あかりとまといの反応ーーー予測の内といった表情で、まつりと翡翠が二人を見ていた。
「それじゃ、先に僕が着替えるから、着方をよく見ててね」。
翡翠と目を合わせたまつりが、忍び装束を脱ぎ始めた。
「最初にこのブレーをこう穿いて‥‥‥次はシュミーズに足を通し、そのまま胸まで引き上げてから、左右の紐を肩に掛けると‥‥‥」。
ブレーとシュミーズという下着を着終えたまつりに、翡翠が上着を手渡す。
「下着が終わったら、このワンピースのボタンを外して‥‥‥こうやって頭から被ってから腕を袖に通して‥‥‥ボタンを留めたら‥‥‥後は腰をベルトで締めて終わりだよ‥‥‥って、あれ?二人ともどうしたの?」。
まつりの着替えを見ていたあかりとまといだったが、初めて見る異国の着物というもののデザイン、仕立てには驚きを隠せなかった。

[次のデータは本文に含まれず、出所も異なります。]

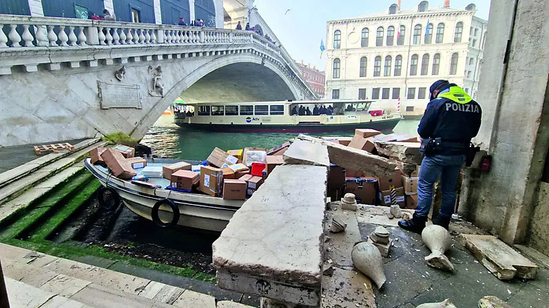 Il rumore sordo dell’impatto violento, le immagini dei telefonini che in pochi minuti fecero il giro dei social, la paura che in uno dei punti più affollati del Canal Grande potesse consumarsi una tragedia. Era iniziata così, con il tentato furto di un barcone e una corsa senza controllo finita contro la balaustra del Ponte di Rialto - andata in pezzi - una delle pagine più surreali della cronaca veneziana recente. Oggi quella vicenda trova un primo approdo giudiziario.
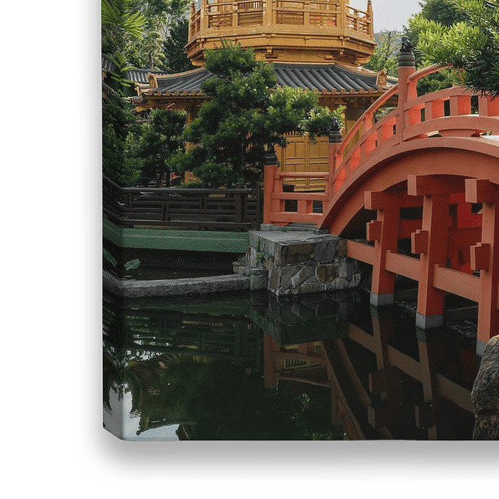 Gelber Schrein und orangefarbene Brücke im Nan Lian-Garten in Hongkong am Abend an einem halb bewölkten Tag. Neben dem Chi Lin-Kloster gelegen.
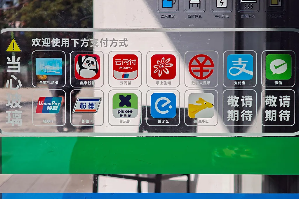 △2025年12月26日,上海黄浦区一超市外张贴了店内支持的付款方式列表,包括微信、支付宝、数字人民币等,共有十余种。
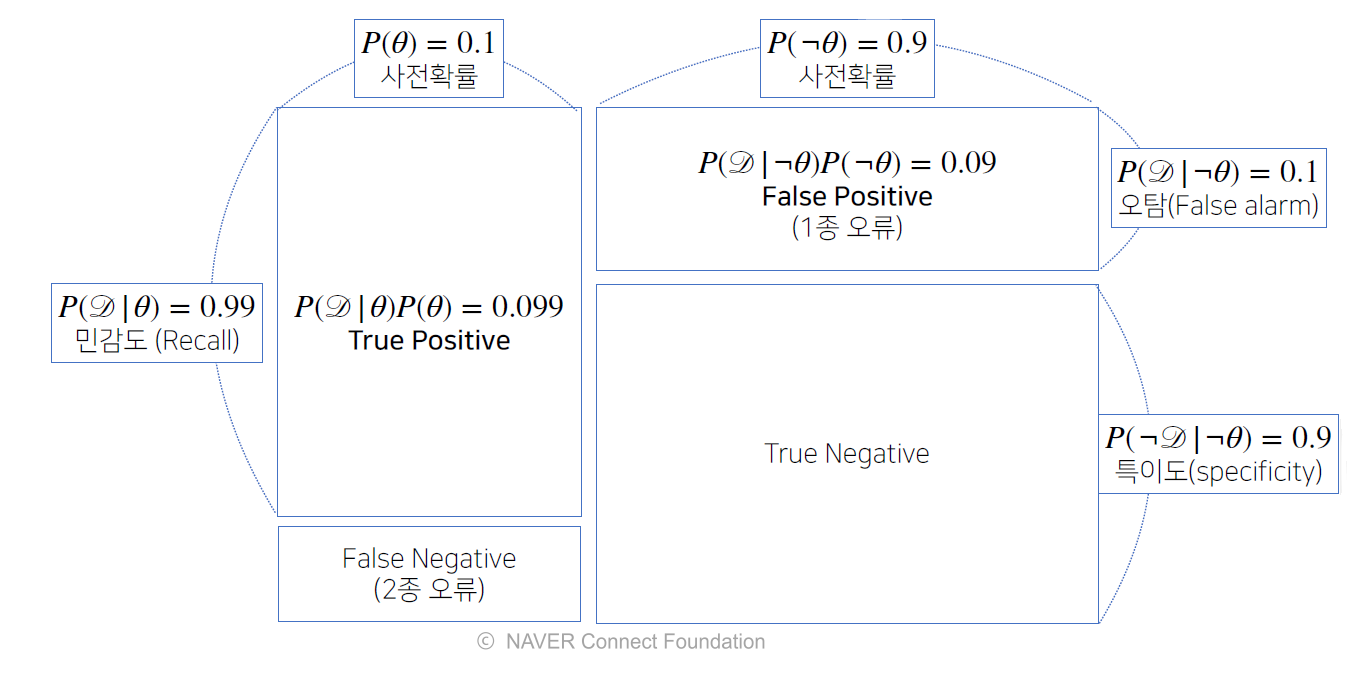 θ = Covid-19 발병 사건으로 정의(관찰불가) / D = 테스트 결과라고 정의(관찰가능)

「あはは‥‥‥やっぱ、そうなるか、まぁ、僕も初めて見た時は、同じ反応だったよ‥‥‥でもねぇ、着てみると可愛いし、動きやすいんだなぁ」。
藍色のワンピースに着替えたまつりが、和かな顔つきでモデルのように体をクルッと一回転させながら言う。
「大丈夫ですわ、お客様も最初はびっくりされますけど、着終わると喜んで下さりますよ‥‥‥私もお着替え手伝いますから、お二人とも着ているものを脱いで下さいませ」。
あかりもまといも、覚悟を決めるように深く息を吸うと、徐に立ち上がり服を脱いでいった。